I'm surprised they trusted me enough and didn't hire a babysitter. I'm turning eighteen in less than a month. That would be bullshit.

I let the tears slide down my cheeks. I started to sob and shout out nonsense into my empty home. My heart ached. It felt like someone was constantly yanking on it, trying to rip it out of my chest.

I wiped away a few stray tears and managed to stand up on my own two feet. I gripped and leaned onto the railing to my staircase for support. I dragged my feet as I walked up to my bedroom. I'd rather sulk in there.

I kicked off my damaged converse and fell face down on my bed. I burried my face in my pillow and continued to cry. I was frustrated. I wish Gerard told me what was really going through his mind. If he really felt the same way.

I admit, I miss him. I really fucking miss him. I liked the way he was when I first met him. That's why Tom reminds me of Gerard so much. Tom has that reckless and mean attitude. But he can be real sweet and sometimes a tease. It's kinda how Gerard was.

I want him back. I really do. What if he never had feelings for me in the first place? What if he was only there to protect me just for that? Had he never felt anything? Perhaps I fell hard and way too fast. I'm so unbelievable at times, I guess I was twisting this into that terrible vampire love story, Twilight. I shuddered at the thought of the story.

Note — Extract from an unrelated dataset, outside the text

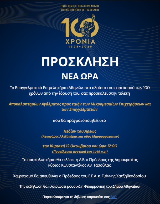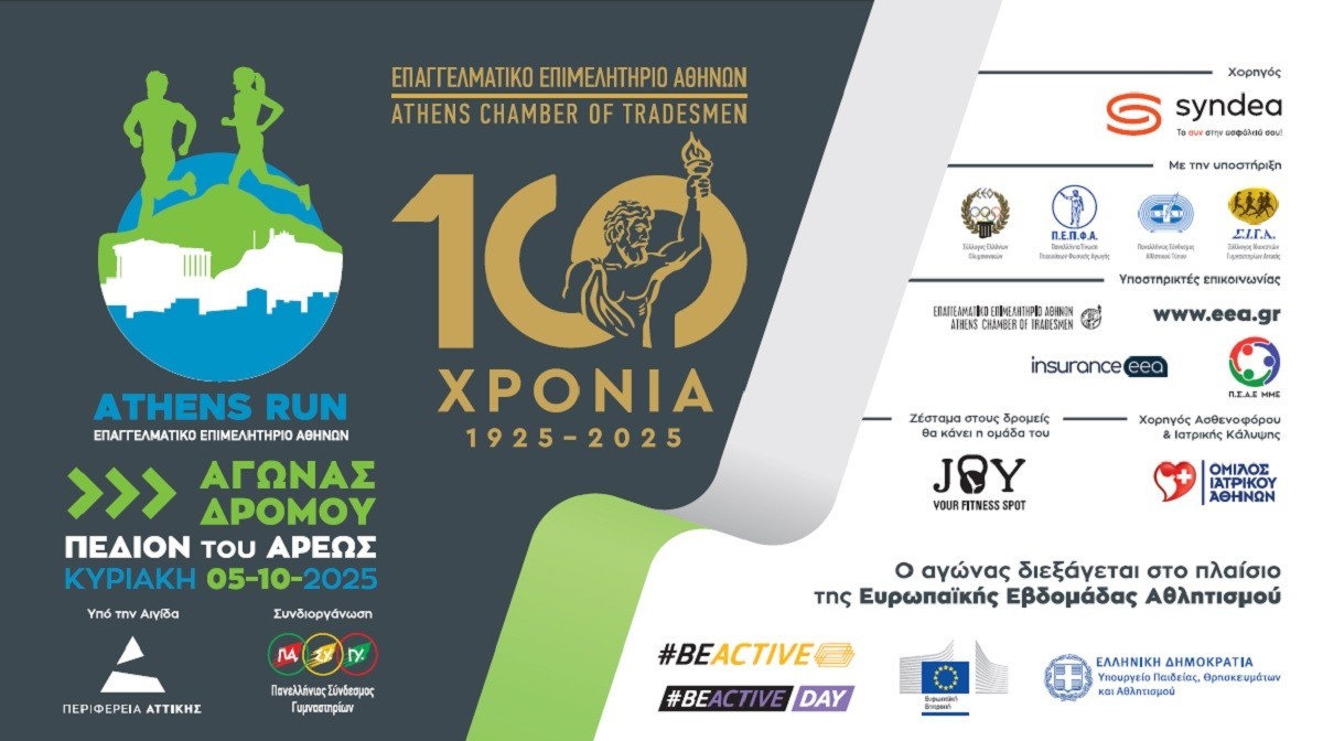 Το Επαγγελματικό Επιμελητήριο Αθηνών συνεχίζει τον θεσμό του Αγώνα Δρόμου για τις Μικρομεσαίες Επιχειρήσεις και τους Επαγγελματίες, δίνοντας φέτος ραντεβού την Κυριακή 5 Οκτωβρίου 2025, στο Πεδίον του Άρεως.

I never meant to fall in love with him. How can you not? He's irresistible. Everything about him.. His flaws were fucking beautiful. The way his messy red hair fell in front of his smooth, pale face. The way his Hazel eyes turned a dark red when he was angry or just really hungry. I liked him a lot more than I thought I did. But he didn't feel the same way. Why can't I just accept that? It was getting bad enough that I am starting to hear his voice in my head.

They began to creep up on me, His last words repeated in my head, along with harsh words that were said. I sat up in bed, shoving my fingers in my ears, trying to block out the voices. It didn't help. They turned from whispers to screams.

"Stop.. Just- fucking stop! Shut up!" I shrieked in terror as I started to shake and sob. The voices wouldn't stop, they only grew louder and louder.

I then felt arms wrap around me tightly. I was pulled into someone's lap. I continued to cry and scream. Maybe I was hallucinating. Maybe this is all just a big dream.

They began to stroke my hair and whisper things like "Shhh" "It's okay" "I know, I know" I sniffled. The voices and my sobs began to die down. I soaked their hoodie with my tears from crying so much.

I looked up at the person. I gasped and jumped in their arms. I shifted uncomfortably in his arms. "G-Gerard?.." I managed to whisper.